Copyright © Joined-Up Writing, 2008

The moral right of the author has been asserted

All rights reserved

Without limiting the rights under copyright reserved above, no part of this publication may be reproduced, stored in or introduced into a retrieval system, or transmitted, in any form or by any means (electronic, mechanical, photocopying, recording or otherwise), without the prior written permission of both the copyright owner and the above publisher of this book

ISBN: 978-0-14-195994-8

To Rachel, Callum, Jack, Martha, Toby and Cleo

Chapter One

Moments when your life changes: there will always be a before and an after, separated, perhaps, by a knock at the door. I had been interrupted. I was tidying up. I had cleared up yesterday’s newspapers, old envelopes, scraps of paper, left them in the basket by the grate ready to make a fire after supper. I had just got the rice bubbling nicely. My first thought was that it was Greg and he had forgotten his keys, but then I remembered he couldn’t have because he had taken the car that morning. Anyway, he probably wouldn’t knock but shout through the letterbox. A friend, perhaps, or a neighbour, a Jehovah’s Witness, a cold call from a desperate young man trying to sell dusters and clothes-pegs house-to-house. I turned away from the stove and went through the hall to the front door, opened it to a gust of cool air.

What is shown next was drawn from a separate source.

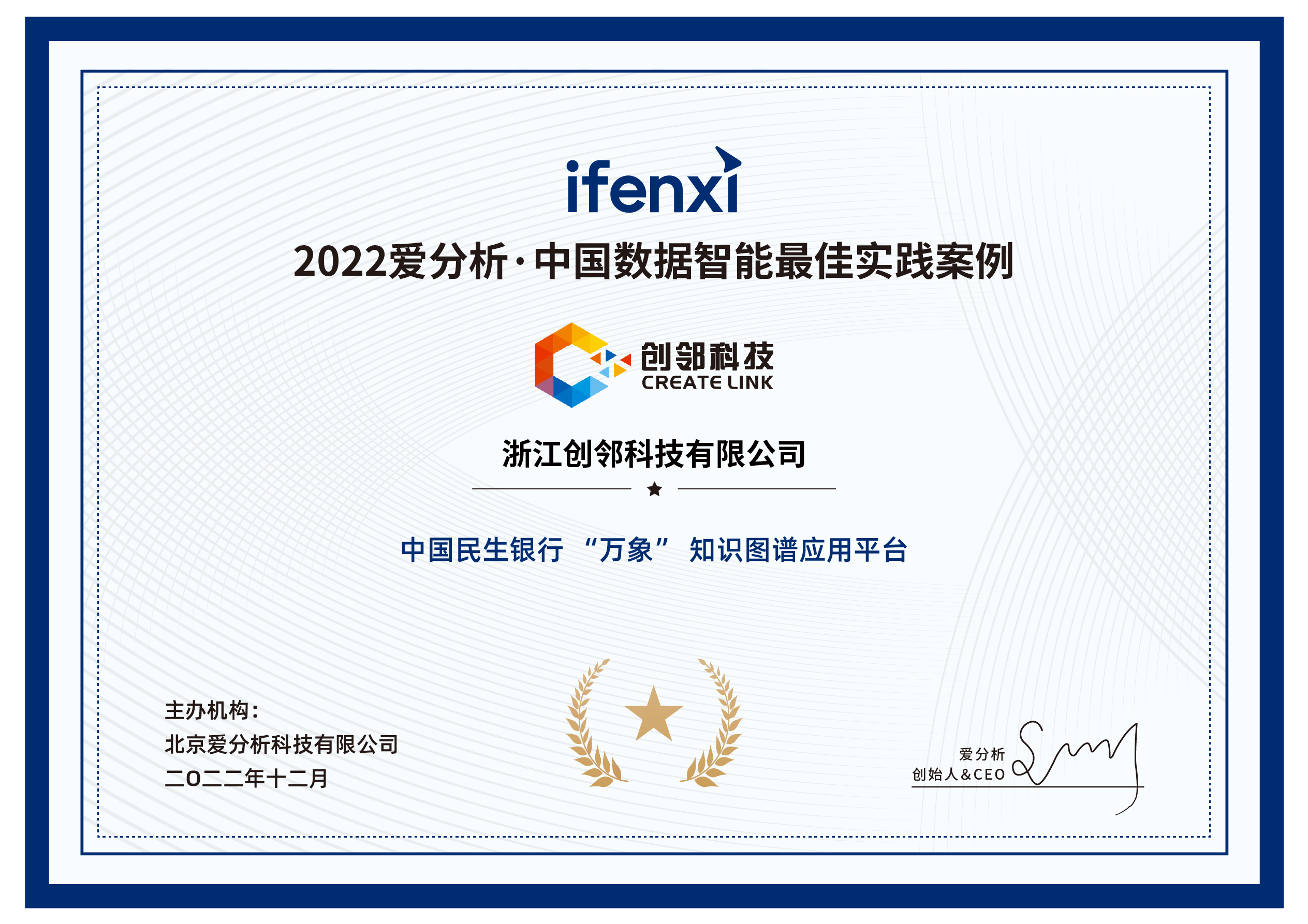 随着2022年进入收官时间,创邻科技喜报频传。近日,“2022爱分析·中国数据智能最佳实践案例”评选结果出炉,经过申报、初评、调研、终评等多轮角逐,创邻科技凭借“中国民生银行万象知识图谱应用平台”成功获评2022中国数据智能最佳实践案例。

Not Greg, not a friend, not a neighbour, not a stranger selling religion or domesticity. Two female police officers stood in front of me. One looked like a schoolgirl, with a block fringe covering her eyebrows and jug ears; one was like her teacher, with a square jaw and greying hair cut mannishly short.

‘Yes?’ Had I been caught speeding? Littering? But then I saw an expression of uncertainty, even surprise, on both their faces and felt the first small prickle of foreboding in my chest.

‘Mrs Manning?’

‘My name’s Eleanor Falkner,’ I said, ‘but I’m married to Greg Manning, so you could say…’ My words trailed away. ‘What is it?’

‘Can we come in?’

I led them into the small living room.

‘You’re the wife of Mr Gregory Manning?’

‘Yes.’

I heard everything, I noticed everything. I saw how the younger one looked up at the older one as she said the words, and I noticed she had a hole in her black tights. The older officer’s mouth opened and closed but didn’t seem synchronized with the words she was speaking so that I had to strain to make sense of them. The smell of risotto reached me from the kitchen, and I remembered that I hadn’t turned the ring off and it would be dry and ruined. Then I remembered, with a stupid dullness, that of course it didn’t matter if it was ruined: nobody would be eating it now. Behind me I heard the wind fling a few dry leaves against the bay window. It was dark outside. Dark and chilly. In a few weeks’ time the clocks would go back. In a couple of months it would be Christmas.

She said, ‘I am very sorry, your husband has been in a fatal accident.’

‘I don’t understand.’ Though I did. The words made sense. Fatal accident. My legs felt as if they didn’t know how to hold me up any more.

‘Can we get you something? A glass of water, perhaps?’

‘You say…’

‘Your husband’s car left the road,’ she said slowly and patiently. Her mouth stretched and shrank.

‘Dead?’

‘I’m very sorry,’ she said. ‘Sorry for your loss.’

‘The car caught fire.’ It was the first time the younger woman had spoken. Her face was plump and pale; there was a faint smudge of mascara under one of her brown eyes. She wears contact lenses, I thought.

‘Mrs Falkner, do you understand what we have said?’

‘Yes.’

‘There was a passenger in the car.’

‘Sorry?’

‘He was with someone else. A woman. We thought… Well, we had thought it might be you.’

I stared dumbly at her. Did she expect me to produce identification?

‘Do you know who that would have been?’

‘I was just cooking supper for us. He should have been home by now.’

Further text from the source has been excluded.